For Mia Russo, early entry into her “dream course at the exact uni I wanted to go to” was the cherry on top of a perfect year 12.
“Early entry really helped me maintain a positive mental state,” said the Kellyville teenager, who this year starts a bachelor of psychological and social sciences at Western Sydney University. “It was such a relief.”
Russo was one of the thousands of HSC students offered a place at university before her HSC was done, an increasingly common practice that now sees three in 10 school-leavers using a non-ATAR pathway to go to university.
Policymakers have serious concerns about the schemes’ equity and recipients taking it easy for the remainder of year 12 after their place is secure.
Early offers are difficult to measure because they come in two streams – directly from the university through initiatives such as Western Sydney University’s True Reward program and Macquarie University’s “Leavers and Achievers”, or through the University Admissions Centre’s School Recommendations Scheme.
UAC made 27,926 early offers last year and 27,038 in 2024. That number has steadily risen over the past decade: there were 9804 offers in 2015.
Criteria vary but can include year 11 results, school recommendations or a portfolio. At Macquarie University, participation in robotics, Model United Nations and the Duke of Edinburgh Award are all “recognised activities” that can contribute.
What they have in common is that they cost money, and are not necessarily available to students who need to work during year 12.
“I’m really concerned,” NSW Education Minister Prue Car told The Sydney Morning Herald School Summit this month.
“There are just some students, in some communities, that do not have the opportunity to go out and do extracurricular activities to build up their CV, to build themselves an unconditional early offer,” she said.
“To me, that is just not a level playing field. The whole idea of the ATAR is that it’s supposed to be a level playing field. When you’re sitting the same exam, that’s equitable. That’s not necessarily the case with early offers.
“Good on the university sector for wanting to get enrolments. But it doesn’t seem right that the university sector is determining what’s happening in the HSC. Should it not be the other way around?”
Not all universities do early entry – the University of Sydney, for example, says it puts a premium on the “significant work” students put into the HSC and the 2 per cent of its offers that are made early are the exception based on equity considerations or a creative portfolio.
The University of NSW also restricts early entry to arts, design and architecture degrees that take portfolios into consideration, and students applying on equity grounds.
Universities are keen on early offers for myriad reasons, says Associate Professor Tim Pitman from the Australian Centre for Student Equity and Success, including financial, equity – some universities describe early entry as facilitating access for groups such as Aboriginal, disabled or low-income students – and managing student load.
Schools are not so keen, arguing that early offers often result in under-par HSC result, Catholic Schools NSW chief executive Dallas McInerney said. “We’re seeing two-speed classrooms. Kids [with early offers] kick back, maybe not doing everything they should.”
For the student kicking back, this is not a huge problem – an aspiring teacher wanting to study education gets into that degree via an early entry, rather than an ATAR. But HSC marks are calculated by a combination of an exam mark and a moderated school assessment mark based on the entire cohort’s results, meaning fellow students’ marks affect the HSC results of others in their cohort.

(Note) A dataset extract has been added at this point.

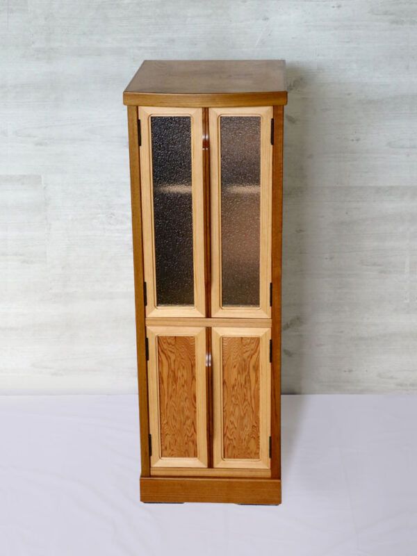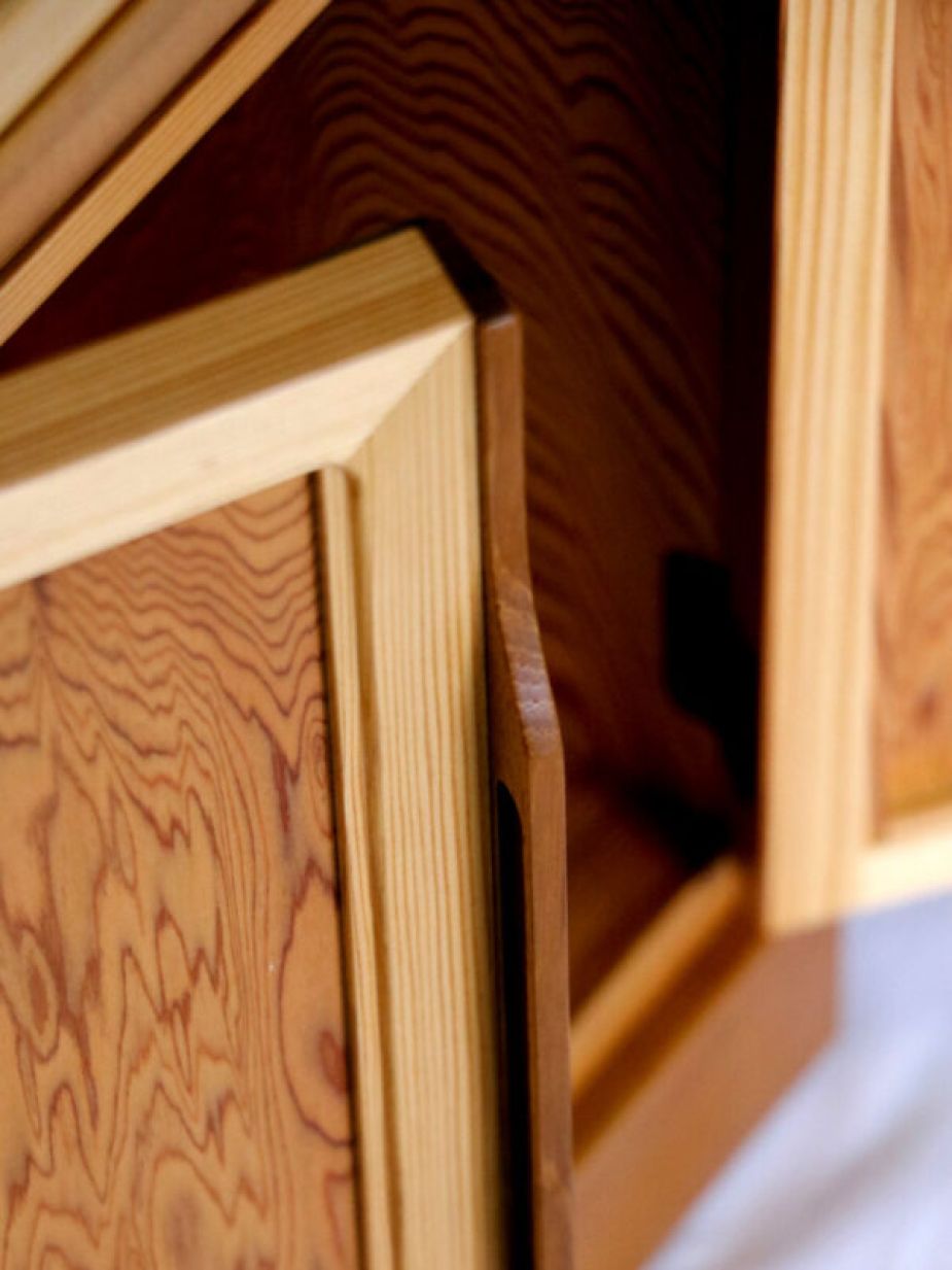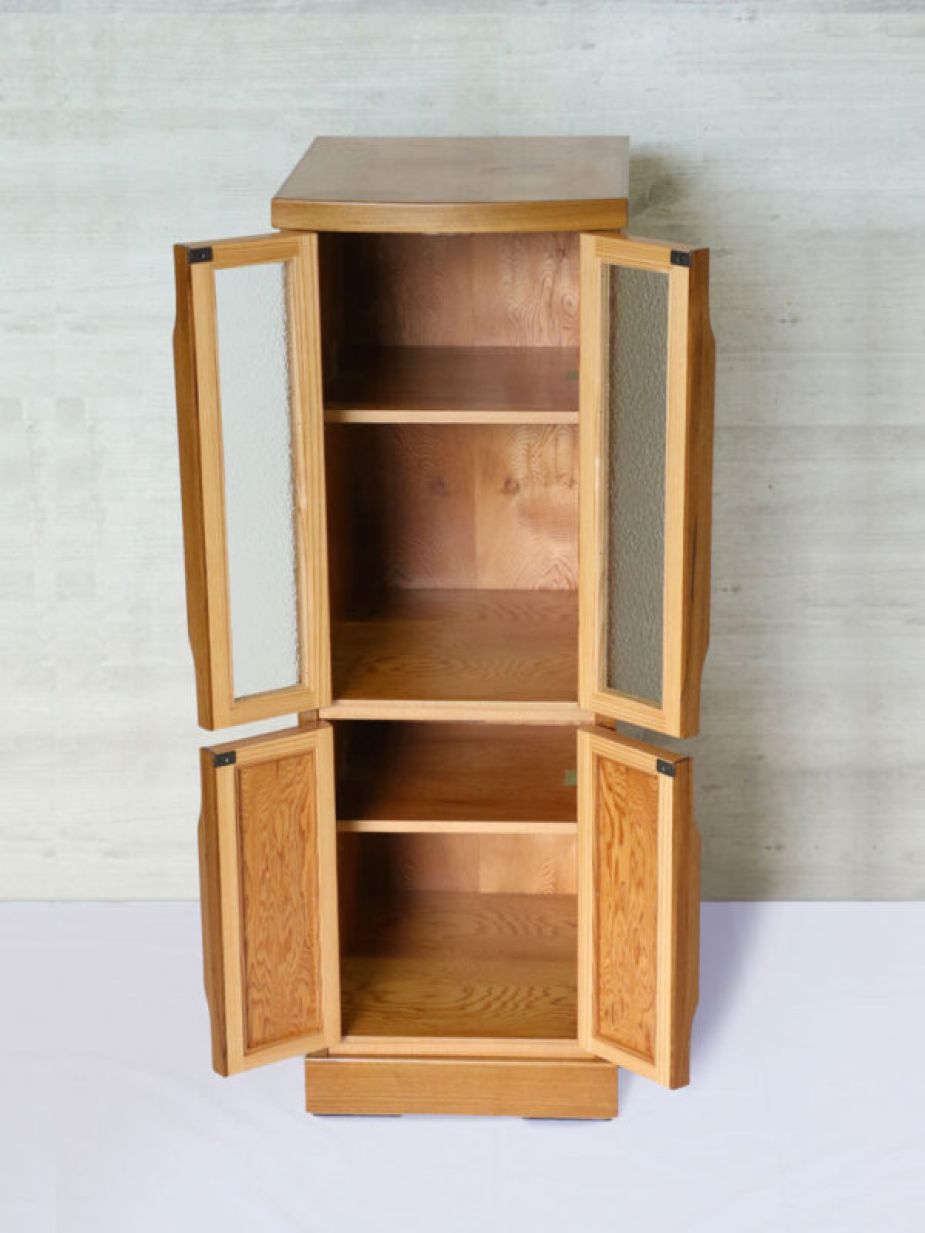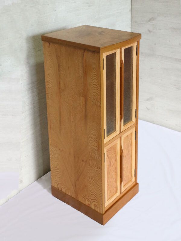 ニッチなスペースを活用できる人気のスリム棚を屋久杉でしつらえました。

Some argue that by making these early offers, universities are killing their own creation, the ATAR. Generated from a student’s HSC results, the ATAR is not a mark but a rank used to allocate places at university based on a course’s popularity.
“The ATAR really isn’t a measure of how kids perform in the HSC, which is the most important thing. [Universities] take the HSC and do their own calculations against the supply and demand. We need to keep that distinction,” McInerney said.
“Early offers are reaching in and being dislocative inside schools.”
Western Australia’s former education minister, Tony Buti, is more blunt.
“We may be developing a culture in which seeking the easiest possible pathway into university is outweighing the importance of engaging with challenging content, developing writing skills for essay-style assignments, and acquiring experience in the rigours of studying for exams,” he wrote in an opinion piece in The West Australian.
Pitman shares the concern. “Getting that foundational academic grounding in high school is still, generally, the best foundation for success in university.”
In 2023, the country’s vice chancellors agreed that early offers would not be made before September, after previously being made as early as March, which has forced students to keep working for the majority of year 12.
For her part, Russo says the early offer did not dent her motivation.
“The early entry definitely was really great and did take off a lot of pressure,” she said.
“I still worked as hard as I could for my HSC because I wanted to know my own personal best. I still worked hard for myself and my school.
“You only do it once, there’s no point in getting lazy at the end.”